AHRI at a turning point

by 17 Oct 2006

By Craig Donaldson

Last Thursday, Human Resources magazine’s e-newsletter broke the news that Jo Mithen had left AHRI as chief executive to join a law firm in Melbourne. The same story also noted that AHRI will soon announce the new owner of its membership products and services arm. This will be a potential turning point for AHRI.

One of the common gripes many senior HR practitioners had with AHRI in the past was DeakinUniversity’s ownership of a member-based organisation. From where it was six years ago, AHRI has come along way. However, senior HR practitioners saw conflicts of interest in Deakin’s ownership, and the recent parting of ways between the Institute and University opened up a potential new chapter for AHRI. At the time of going to press, AHRI had not yet revealed the new owner of its membership products and services arm, though AHRI had not ruled out the possibility that its members were potential buyers.

Many senior HR practitioners left the Institute over the years as they felt it had become irrelevant.

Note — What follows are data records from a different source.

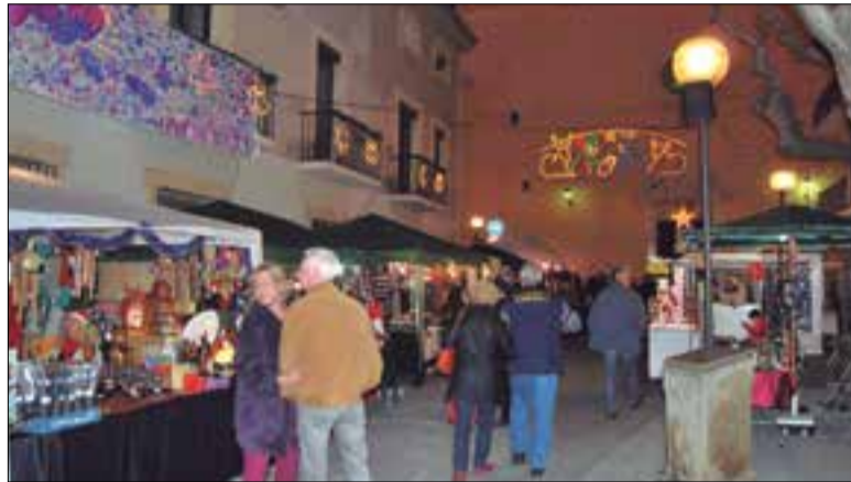
Fira de Nadal 2014 ✦ AJUNTAMENT DE CUBELLES

Cubelles ja ho té tot a punt per la Fira de Nadal, que se celebrarà els dies 12 i 13 de desembre al casc antic del municipi. La Fira, que enguany arriba a la seva setena edició, comptarà amb prop d'un centenar de parades amb articles de temàtica nadalenca. A part de les parades, un 50% de les quals estaran ocupades pel
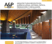
Imagen de tapa : Interior del bloque de hidroterapia de la Fundación Teletón Paraguay (2008-10).

ISSN 2362-6089 (Impresa) ISSN 2362-6097 (En línea)
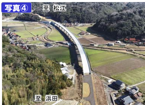
常楽寺第二高架橋付近
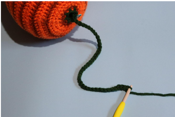
1. Blad A.) Fm i fml, slå 40 lm op
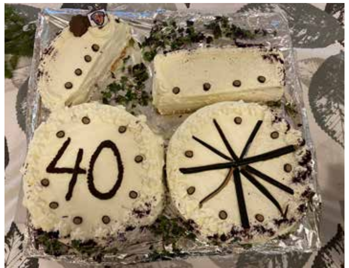
Lounastauolla kokousväkeä hauskuutti kerhon nelikymppistä muistuttava moottoripyöräkakku. Pyörän merkin arvuuttelu osoittautui sen verran vaikeaksi, että kakku päätettiin vain syödä pois.

Maybe the Institute was a reflection of HR in general in that HR had failed to keep up with needs of modern businesses. The recent appointment of a national president with strong HR and operational experience is a very good step in the right direction.

AHRI’s latest moves to introduce a Code of Conduct and Disciplinary Procedures have also met with resistance as a potential step in the wrong direction. As GriffithUniversity’s Janine Walker writes on page 10, the introduction of these will do nothing to stem the slow but marked withdrawal of senior HR executives from AHRI.

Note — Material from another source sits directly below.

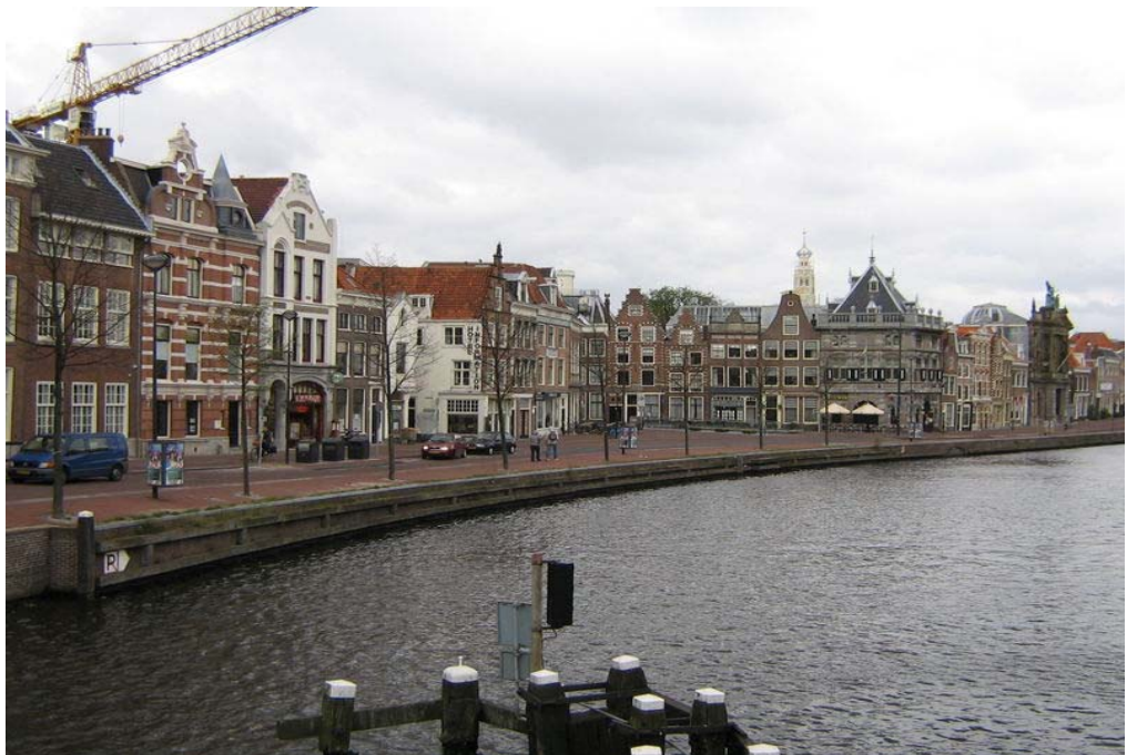
Haarlem aan het Spaarne

HR is a rapidly evolving profession. Senior HR practitioners at the coalface of business deal with a very complex and new set of challenges, compared to the issues faced by personnel officers decades ago. As HR professionals step up to these challenges and are taken seriously within their own businesses, so too does AHRI need to reflect this in its offerings, conduct and approach to doing business with its members. In doing so, AHRI may just well become a true member-based association that is taken seriously by HR professionals at all levels.